All Saints Day, also known as All Souls Day, is celebrated in some countries as the Day of the Dead or, Dia de los Muertos. Many of the same customs and traditions from Samhein can be seen in Dia de los Muertos, such as laying out a feast for the departed. In Mexico, Dia de los Muertos is a bank holiday. Those celebrating the holiday build ofrendas, or private altars with foods, sugar skulls, marigolds and possessions to honor the deceased. This holiday can be traced back to the time of the Aztecs.
Similar celebrations, though at different times of the year, can also be found in China with the Ghost Festival and Japan with the Bon Festival.
Personally, I spend this time period thinking of the past year and planning for the future. It is a combination of Thanksgiving – gratitude for all that I have been given, recognition of all that I have accomplished and appreciation for all that I have shared – and New Year’s. What do I want the next few years of my life to be like? What values, goals and responsibilities do I want to grow into? Who do I want to spend my time with in the next few years and what difference will I choose to make in the coming year?

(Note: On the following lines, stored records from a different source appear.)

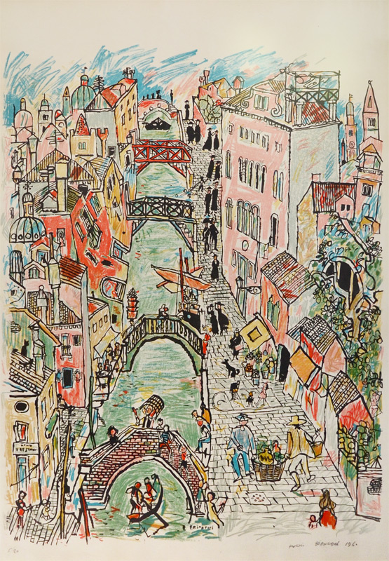 BIANCONI, Fulvio, (Italian, 1915-1996): View of Venice, Color Lithograph, Sight size 39 1/2'' x 29'', pencil signed lower right, dated 1960, numbered lower left 5/60, custom frame 43'' x 33''.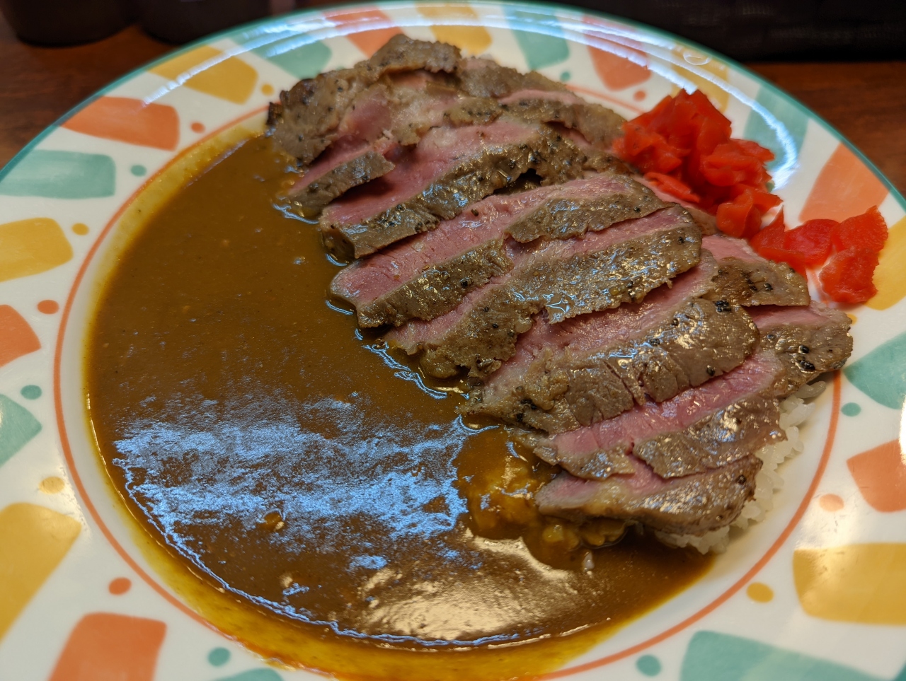 カウンター席20席程度という小さなカレー店ですが、その特徴は何といってもその安さにあります。トッピングの無いライスとルーのみのカレーだけでも500円未満で食べられます。この店のお勧めである、薄めにスライスされたステーキ(ミディアムレア)がトッピングされた『ステーキカレー』でも670円と安いです。一方で量は多くはありませんので、たくさん食べたい人からすると少し物足りないと感じるかもしれません。一方で、軽めに食事をとる人からすれば、非常にリーズナブルな価格で料理を堪能できる、という側面もあります。スライスされたステーキの他、唐揚げやポークソテー等の肉類だけでなく、ナスや温泉玉子などのトッピングもあります。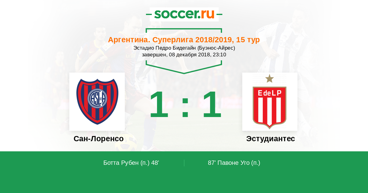 Протокол матча Сан-Лоренсо против Эстудиантес

However you choose to spend this coming weekend, know that you are not alone in your tradition and that people all over the world are celebrating with you!
O’Driscoll, Robert (ed.) (1981) The Celtic Consciousness. New York, Braziller ISBN 0-8076-1136-0, pp.197–216: Ross, Anne “Material Culture, Myth and Folk Memory”; pp.217–242: Danaher, Kevin “Irish Folk Tradition and the Celtic Calendar”
Hutton, Ronald (1996) Stations of the Sun: A History of the Ritual Year in Britain. Oxford, Oxford University Press ISBN 0-19-288045-4, p. 363.
Davis, Kenneth. Don’t Know Much About Mythology: Everything You Need to Know About the Greatest Stories in Human History but Never Learned, HarperCollins, page 231.